Problem to solve »
Below are some records; copy them word for word and drop the pictures.

(Collected data)
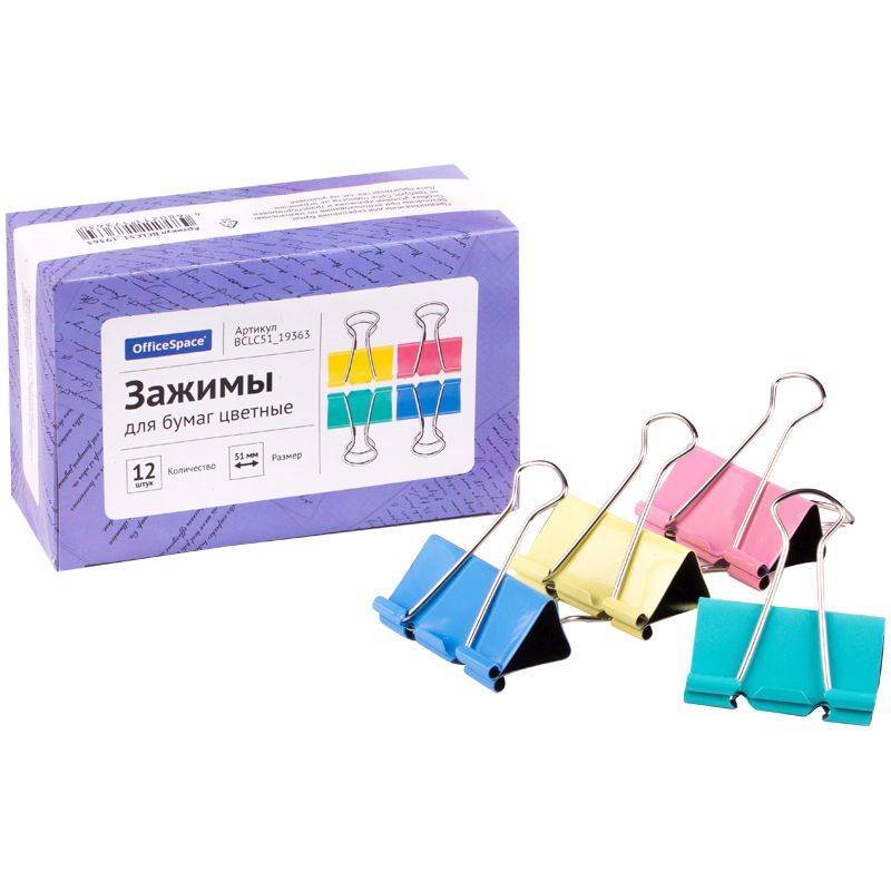 Зажим для бумаг, 51 мм, цветные, уп.12 шт., OfficeSpace
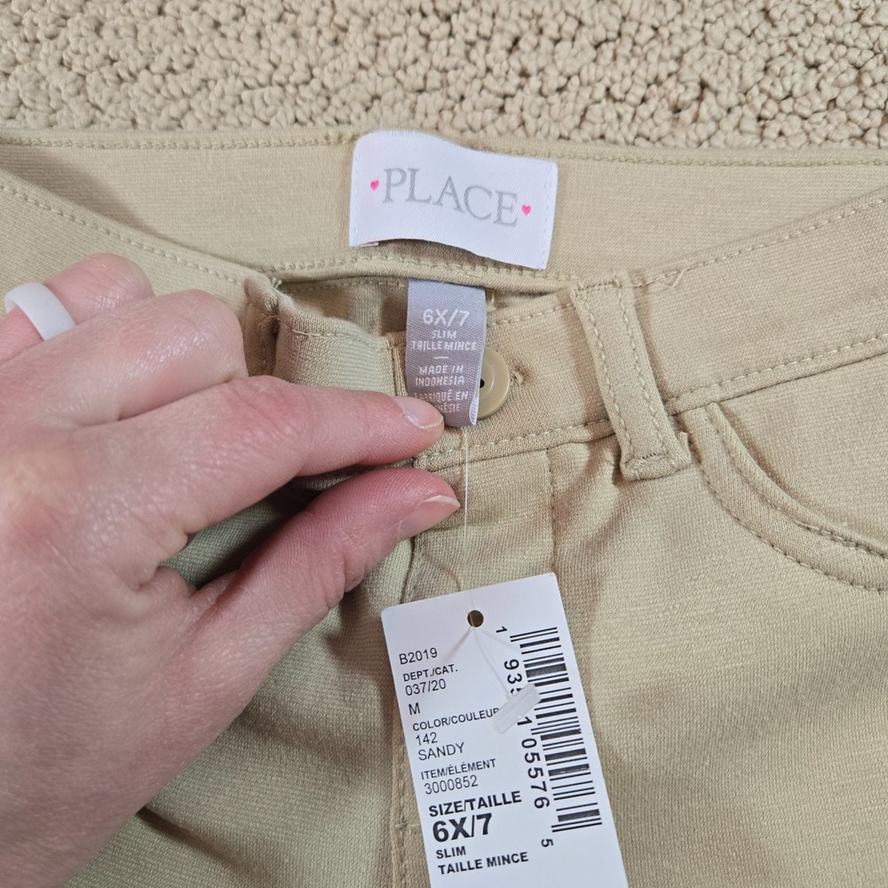 The Children's Place Girls 6x/7 Slim Khaki Pull On Jeggings are a stylish and comfortable option for young girls. Made from a blend of polyester, spandex, and cotton, these jeggings feature a pull-on closure for easy wear. With a slim fit and low rise, they are perfect for casual occasions and can be machine washed for easy care. The solid tan color and comfortable stretch make them suitable for all seasons, whether it be winter, summer, fall, or spring. Ideal for school or everyday wear, these jeggings from The Children's Place offer both style and practicality for active kids. (367) Waist = 20" Rise = 7.5" Length/Inseam = 20" 59% Cotton, 36% Polyester, 5% Spandex
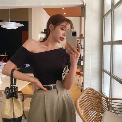 天鵝頸性感斜肩短袖
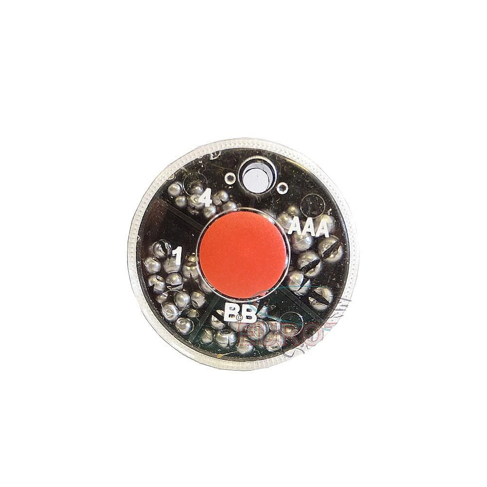 Handige dispenser met vier verschillende maten kwaliteits knijplood. Gevuld met 4 verschillende maten knijplood nr.1, nr.4, AAA en BB.
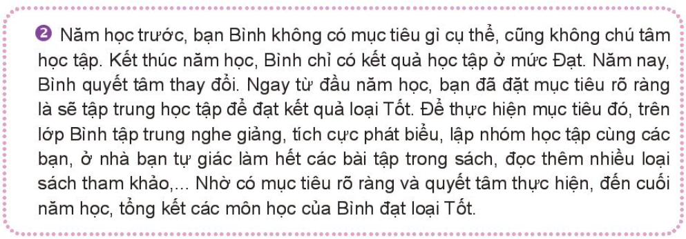 – Trường hợp 2. Nhờ có mục tiêu rõ ràng và quyết tâm thực hiện, đến cuối năm học, tổng kết các môn học của Bình đạt loại Tốt.

Expected answer »
 Зажим для бумаг, 51 мм, цветные, уп.12 шт., OfficeSpace
 The Children's Place Girls 6x/7 Slim Khaki Pull On Jeggings are a stylish and comfortable option for young girls. Made from a blend of polyester, spandex, and cotton, these jeggings feature a pull-on closure for easy wear. With a slim fit and low rise, they are perfect for casual occasions and can be machine washed for easy care. The solid tan color and comfortable stretch make them suitable for all seasons, whether it be winter, summer, fall, or spring. Ideal for school or everyday wear, these jeggings from The Children's Place offer both style and practicality for active kids. (367) Waist = 20" Rise = 7.5" Length/Inseam = 20" 59% Cotton, 36% Polyester, 5% Spandex
 天鵝頸性感斜肩短袖
 Handige dispenser met vier verschillende maten kwaliteits knijplood. Gevuld met 4 verschillende maten knijplood nr.1, nr.4, AAA en BB.
 – Trường hợp 2. Nhờ có mục tiêu rõ ràng và quyết tâm thực hiện, đến cuối năm học, tổng kết các môn học của Bình đạt loại Tốt.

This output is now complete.